During that time, they also took an internal look at advances in AI. Jeff Dean, Google’s chief scientist who was a major investor in Remedy and is now a major investor in Ambience, led a research group inside Google Brain and invented the transducer architecture. Ng and Buduma say Remedy was one of the first companies to put transformers into production to support its own clinicians. After that, a few friends and housemates started a large group of language models within OpenAI. The friends’ work formed the research foundation that ultimately led to ChatGPT.
“It was very clear that we were at an inflection point where we would have this kind of universal model that would improve exponentially,” says Buduma. “But I think we’re finding that there’s a big gap between these general-purpose models and models that are actually robust enough to be used in hospitals. Mike and I decided that there should be a team specifically focused on fine-tuning these models for healthcare and medicine in 2020.”
The founders started Ambience by building an AI-powered notepad that works on phones and laptops to record doctor and patient visit details in a HIPAA-compliant system that protects patient privacy. They quickly realized that the model needed to be fine-tuned for each area of medicine, and over a multi-year process, they slowly expanded the scope of application for each specialty, one by one.
The founders also realized that it needed to fit into back-office operations such as insurance coding and billing.
“Documentation isn’t just for clinicians, it’s also for the revenue cycle team,” says Buduma. “We had to rewrite all the algorithms to make them coding-aware. There are literally tens of thousands of coding rules that change every year and vary depending on specialty and type of contract.”

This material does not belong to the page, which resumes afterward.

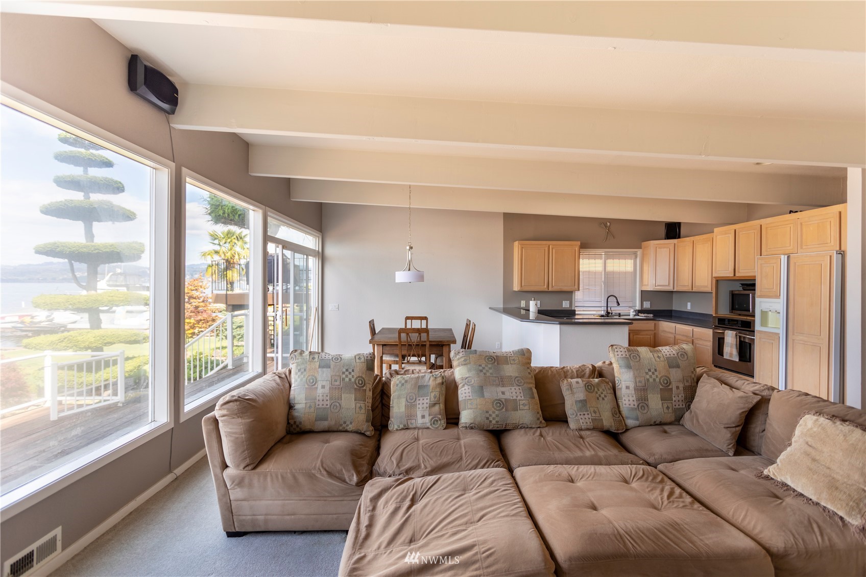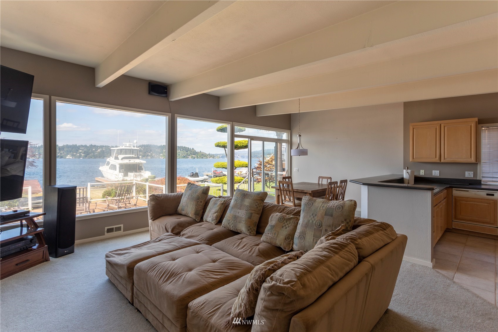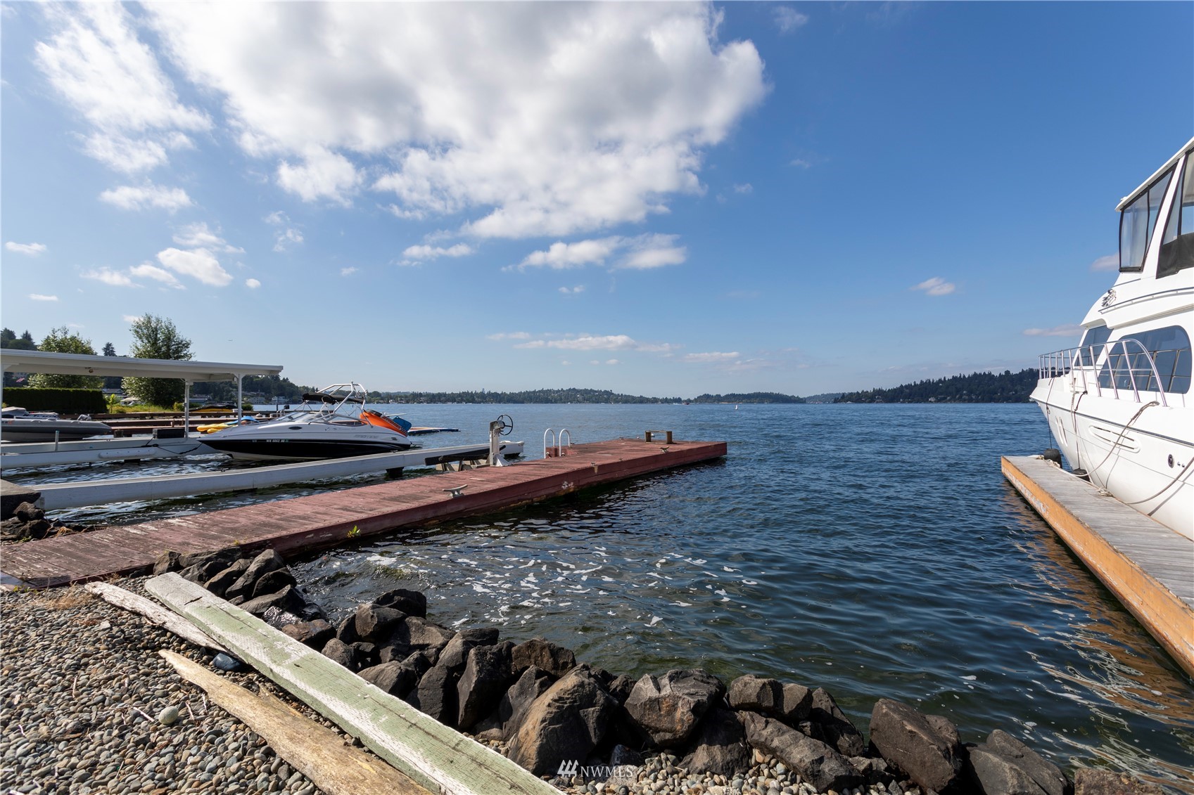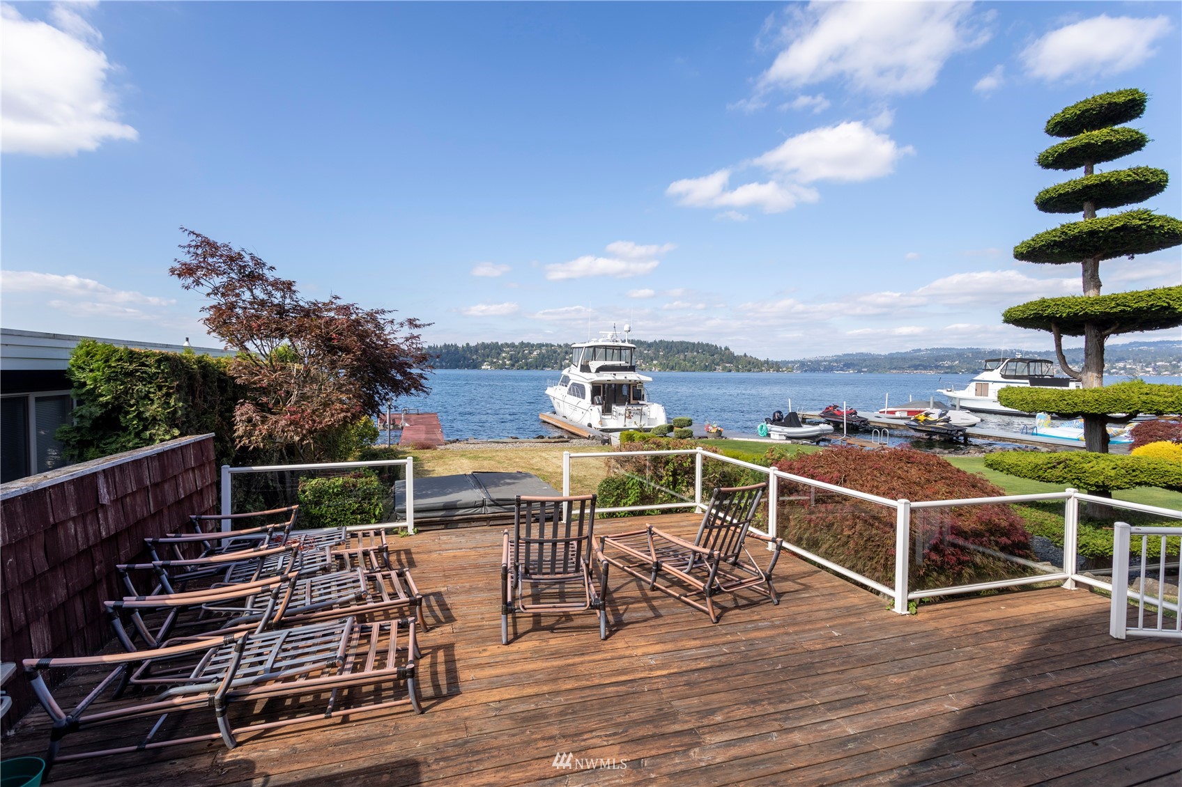 A surface area of 21,000+ Acres of water wonderland that we call Lake Washington is just outside of your back door. The rigors of the day seem to melt away when you arrive to this Oasis on the shores of one of the finest natural lakes in the country. Your own private deep water moorage dock with attached water toy lift. Positioned well below the street level providing for the additional serenity that is inherent to life on the shores. Huge detached garage for the large SUV's and water toys with a spacious living space above for guests or potential income. Enjoy the Blue Angels, fish or just watch the boats pass by from your deck or dock. The perfect opportunity to enjoy all that Lake Washington has to offer.

From there, the founders built a model that allowed clinicians to make referrals and send comprehensive visit summaries to patients.
“Before Ambience, in most practice settings, whatever patients and families wrote down when they left the clinic was what they remembered from the visit,” says Buduma. “This is one of our doctors’ favorite features because they strive to create the best experience for their patients and their families. By the time the patient is in the parking lot, they already have a very robust, high-quality summary in your portal of what you talked about and all of the shared decisions related to their visit.”
Democratization of Healthcare
The founders believe that improving physician productivity will help the health care system manage chronic physician shortages, which are expected to increase in the coming years.
“Accessibility is still a huge issue in healthcare,” says Ng. “Rural Americans have a 40% higher risk of preventable hospitalizations, half of which are due to lack of access to specialty care.”
Ambience is already helping health systems manage razor-thin margins by streamlining administrative tasks, so its founders have a long-term vision to help increase access to the best clinical information across the country.
“There is a really exciting opportunity to further democratize the expertise of some of the leading academic medical centers across the country,” Ng said. “Currently, there are not enough professionals in the United States to serve our rural population. “We hope this layer of AI infrastructure will help expand the knowledge of the country’s leading experts, especially as these models become more clinically intelligent.”